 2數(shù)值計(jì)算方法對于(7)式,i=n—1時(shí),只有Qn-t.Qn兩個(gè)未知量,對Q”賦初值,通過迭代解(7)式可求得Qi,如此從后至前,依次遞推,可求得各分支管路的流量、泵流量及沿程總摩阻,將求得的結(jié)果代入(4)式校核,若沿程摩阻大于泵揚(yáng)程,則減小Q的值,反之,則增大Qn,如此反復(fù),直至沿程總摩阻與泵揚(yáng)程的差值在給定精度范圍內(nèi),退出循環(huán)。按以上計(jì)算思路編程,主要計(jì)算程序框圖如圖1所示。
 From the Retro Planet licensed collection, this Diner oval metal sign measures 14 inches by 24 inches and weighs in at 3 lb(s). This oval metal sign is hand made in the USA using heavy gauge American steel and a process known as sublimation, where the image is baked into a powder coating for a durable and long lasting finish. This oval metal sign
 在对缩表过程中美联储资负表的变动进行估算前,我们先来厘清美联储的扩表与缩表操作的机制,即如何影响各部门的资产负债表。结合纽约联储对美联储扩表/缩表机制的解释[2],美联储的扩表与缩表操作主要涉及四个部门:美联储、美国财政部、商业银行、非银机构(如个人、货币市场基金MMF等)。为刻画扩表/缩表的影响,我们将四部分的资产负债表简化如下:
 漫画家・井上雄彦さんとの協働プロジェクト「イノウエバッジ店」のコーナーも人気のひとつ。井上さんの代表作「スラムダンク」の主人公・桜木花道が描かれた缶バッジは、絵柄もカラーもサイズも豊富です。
-.-.-
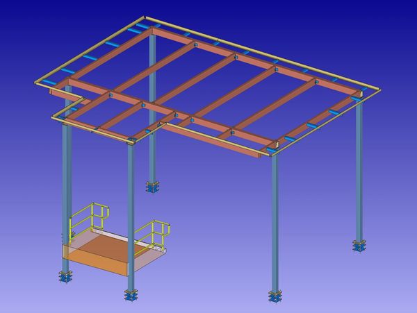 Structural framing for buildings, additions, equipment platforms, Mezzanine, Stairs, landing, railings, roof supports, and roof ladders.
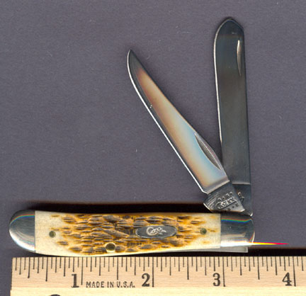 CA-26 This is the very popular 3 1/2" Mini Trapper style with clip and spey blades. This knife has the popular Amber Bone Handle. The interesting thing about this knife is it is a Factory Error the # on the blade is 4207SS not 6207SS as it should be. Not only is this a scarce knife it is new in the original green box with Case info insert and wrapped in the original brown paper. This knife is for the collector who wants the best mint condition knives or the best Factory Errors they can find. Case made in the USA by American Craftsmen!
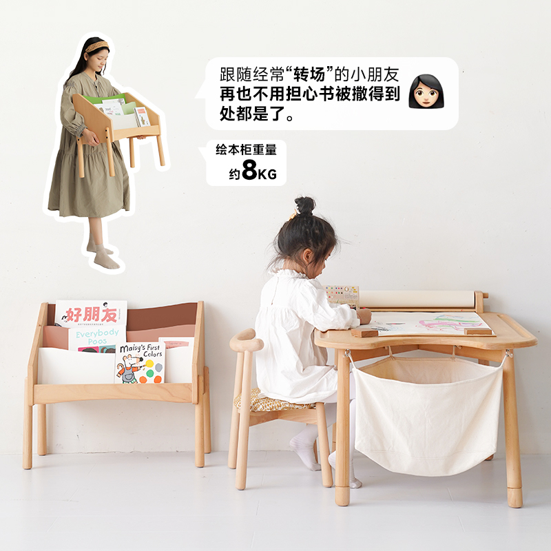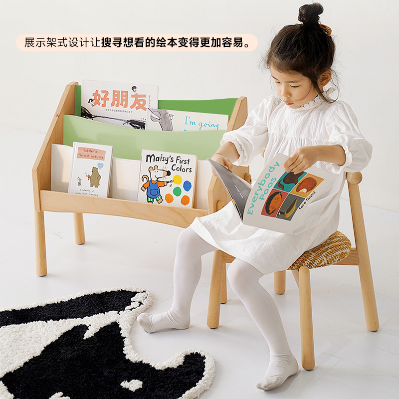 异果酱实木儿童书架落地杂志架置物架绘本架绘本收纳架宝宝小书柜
-.-.-
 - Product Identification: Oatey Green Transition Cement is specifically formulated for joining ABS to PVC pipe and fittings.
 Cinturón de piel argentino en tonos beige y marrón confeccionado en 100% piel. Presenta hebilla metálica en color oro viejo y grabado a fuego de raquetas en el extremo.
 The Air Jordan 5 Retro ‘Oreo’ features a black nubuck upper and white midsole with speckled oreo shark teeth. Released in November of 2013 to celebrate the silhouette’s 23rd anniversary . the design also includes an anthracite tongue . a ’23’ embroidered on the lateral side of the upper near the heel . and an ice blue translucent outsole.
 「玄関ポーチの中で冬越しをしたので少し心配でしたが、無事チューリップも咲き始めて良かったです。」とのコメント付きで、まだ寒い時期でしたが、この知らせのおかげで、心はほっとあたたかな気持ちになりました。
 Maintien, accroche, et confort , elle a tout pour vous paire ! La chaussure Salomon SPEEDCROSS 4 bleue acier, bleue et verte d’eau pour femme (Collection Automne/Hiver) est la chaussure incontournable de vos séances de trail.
-.-.-
▶ _Your goal_: All that is wanted is an exact copy of the lines above from the one with "在对缩表过程中美联储资负表的" through the one with "漫画家・井上雄彦さんとの協働", with both ends included.

▶ _The completed task_:
 在对缩表过程中美联储资负表的变动进行估算前,我们先来厘清美联储的扩表与缩表操作的机制,即如何影响各部门的资产负债表。结合纽约联储对美联储扩表/缩表机制的解释[2],美联储的扩表与缩表操作主要涉及四个部门:美联储、美国财政部、商业银行、非银机构(如个人、货币市场基金MMF等)。为刻画扩表/缩表的影响,我们将四部分的资产负债表简化如下:
 漫画家・井上雄彦さんとの協働プロジェクト「イノウエバッジ店」のコーナーも人気のひとつ。井上さんの代表作「スラムダンク」の主人公・桜木花道が描かれた缶バッジは、絵柄もカラーもサイズも豊富です。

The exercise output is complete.